[Collected data entries]
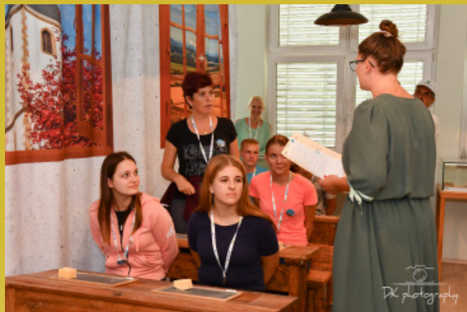
Učne ure v muzejski učilnici, kot so bile 100 let nazaj
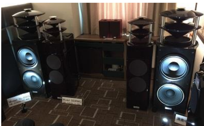
<メルコシンクレッツ>
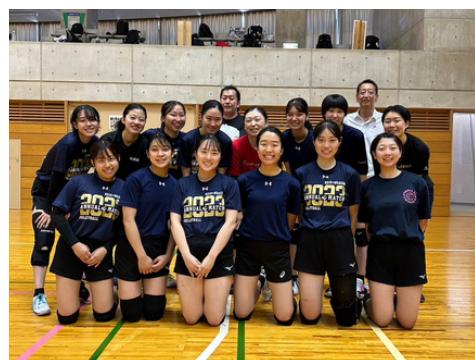
柿崎での夏合宿の様子
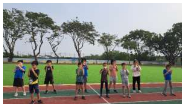
說明：預演運動會陶笛表演

(請針對整體課程實踐之省思/課程設計與教學策略之策進方案/未來專業成長規劃與需求……等面向，具體描述，給予回饋)
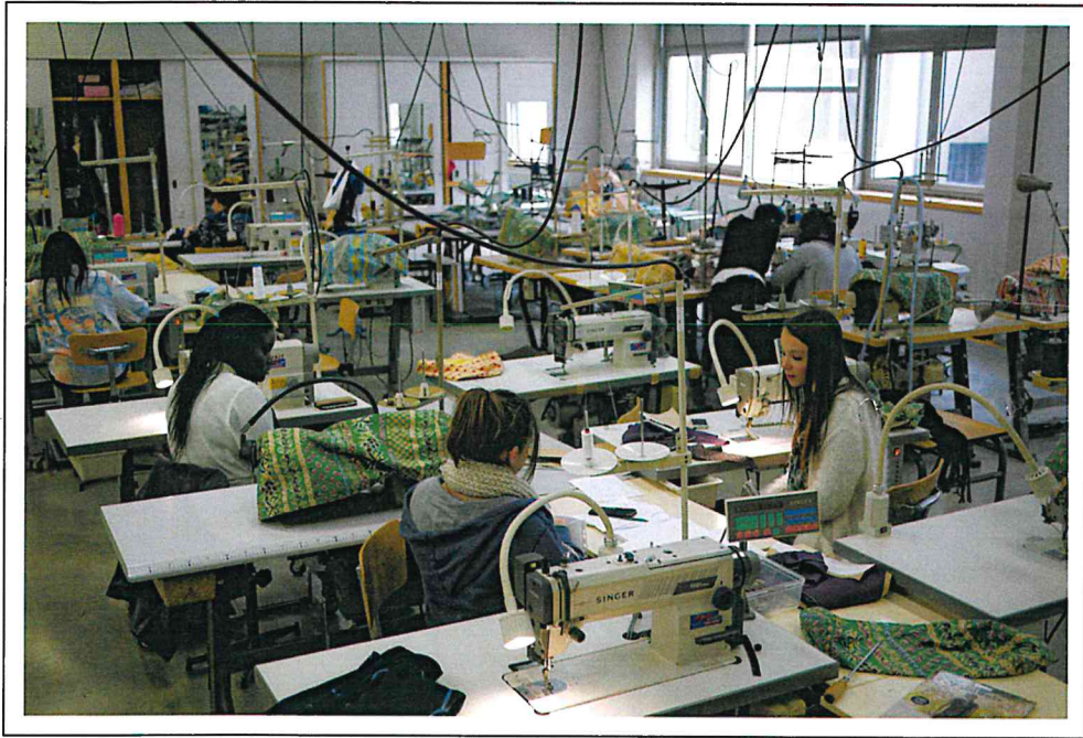
Les enseignements technologiques et professionnels en cours et en ateliers représentent 12 heures de formation hebdomadaire.
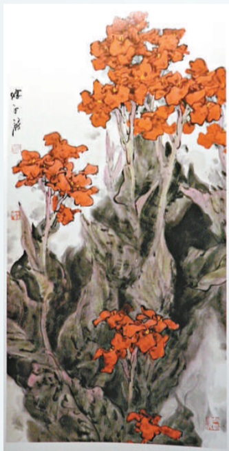
▲廣東陳永鏞《美人蕉》
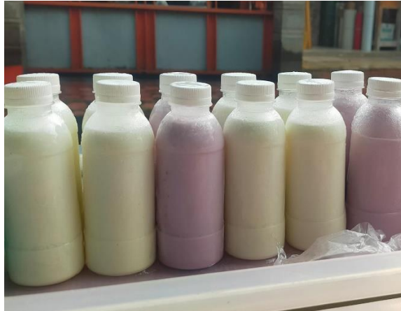
Gambar 2. Kemasan Susu Kambing etawa Sebelum Kegiatan Pengabdian

identitas merek dari produk yaitu sebagai berikut:
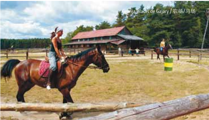
Ranč Gladis de Gajary / 农场/马场

¿Ya se han bañado en una biopiscina? ¿Rodeada de nenúfares blancos florecientes, basada en depuración natural sin productos químicos, con calentamiento natural? No deje perder esta experiencia. Esta piscina en Kamenný Mlyn entre Stupava y Malacky es un recinto estival popular a la sombra de pinos con un hotel, camping, restaurante y campos deportivos. Y sólo a unos kilómetros de la zona de recreo Rudava cerca de Malé Leváre. En su recinto se puede acampar, nadar en el lago minero con playas arenosas, hacer surf, ir en barca, practicar deportes de playa, pasar un rato por la noche con parrillada o bailar en discoteca. Durante las vacaciones Rudava se llena de distintos eventos de diversión.
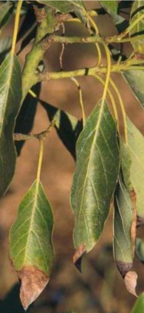
Figura 1. El daño que le causa la sal a un aguacate puede parecerse al daño por sequía.
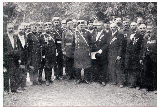
На фото: генерал Н.Г. Столетов среди болгарских ополченцев на праздновании 25-летия Русско-турецкой войны. 1902 г.

терь приводят западноевропейские источники. Так Э. Кнопп сообщает о 30 000 убитых, а доктор Г. Мораш – 36 455 убитых и умерших от ран. Непосредственный участник войны доктор Ю.К. Кёхер на основании неофициальных данных считает погибшими 27 000 человек.
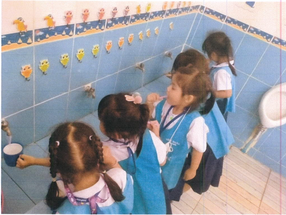
การแปรงฟัน
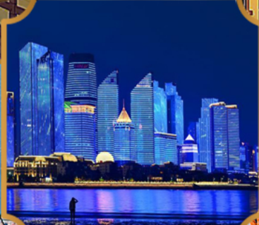
หาดโซเบอร์ฟังก์
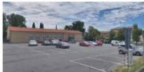
Piazza Don Minzoni
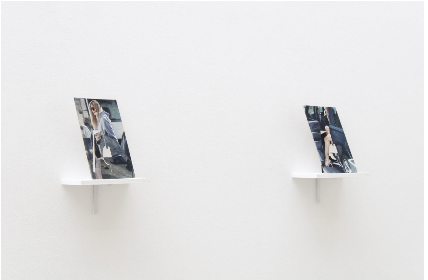
Louise Sartor Car to Bar , 2017 Gouache on cardboard frame background (diptych) 19,13,5 × 6 cm (each) © Élise Fourché
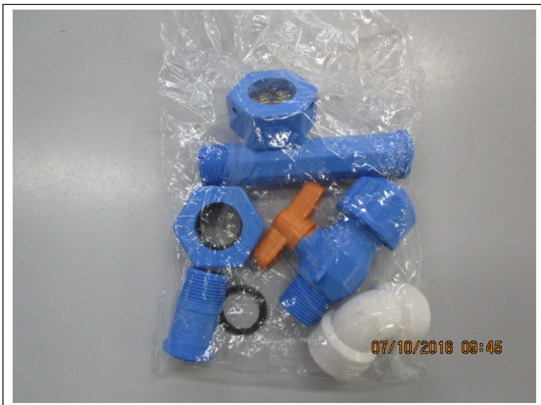
Figura 1: imagem do modelo do kit como deve ser embalado

Obs.: Os kits deverão vir em uma única embalagem contendo todos os itens acima descritos.
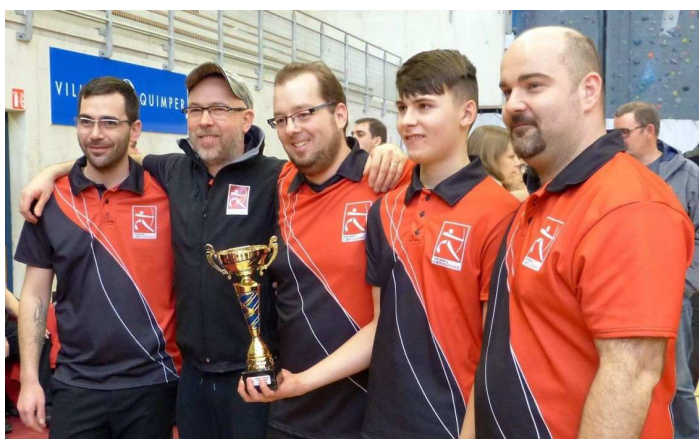
L'équipe vice-championne de Bretagne en salle 2019

Vous trouverez plus de détails concernant nos palmarès sur le site internet : https://www.archers-kervignac.fr/ .
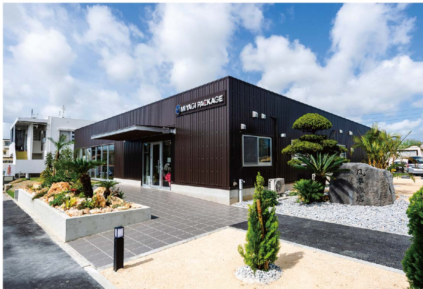
本社 (八重瀬町屋宜原)

商品を包み、消費者の購買意欲を左右するパッケージ。 商品の個性や特長を最大限に引き出すパッケージのご提案ができます。
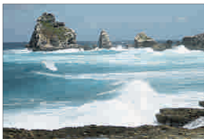
La pointe des Châteaux, ou la rencontre de la houle océane et de la terre ferme. PH

Cette vaste zone est un véritable paradis pour les botanistes avec quelque 300 espèces d'arbres et arbustes, presque autant d'espèces de fougères, dont la somptueuse fougère arborescente et une centaine de sortes d'orchidées. Les randonneurs sont également
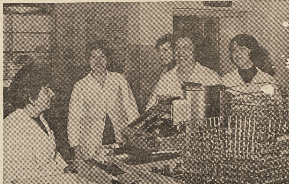
Vodiška dekleta so bila sicer sramežljiva, vendar nad vse vesela, da smo se spomnili tudi nanje — Še pridemo, če nas povabite.

V Vodichah za Šmarno goro. Naš market, ki se je naselil v nekdanji zadrugi dom, je eden tistih podeželskih, v katerem dobite domala vse, saj tudi kmetje dandanašnji kupujejo v trgovinah vse od kurje piče in kruha do solate. Če verjamete ali ne. Prav zaradi tega in pa dinarja, ki

▸ Directions
In how many lines of the data does the string "Figura" occur? Answer with the number and nothing else.

▸ Solution for this problem
2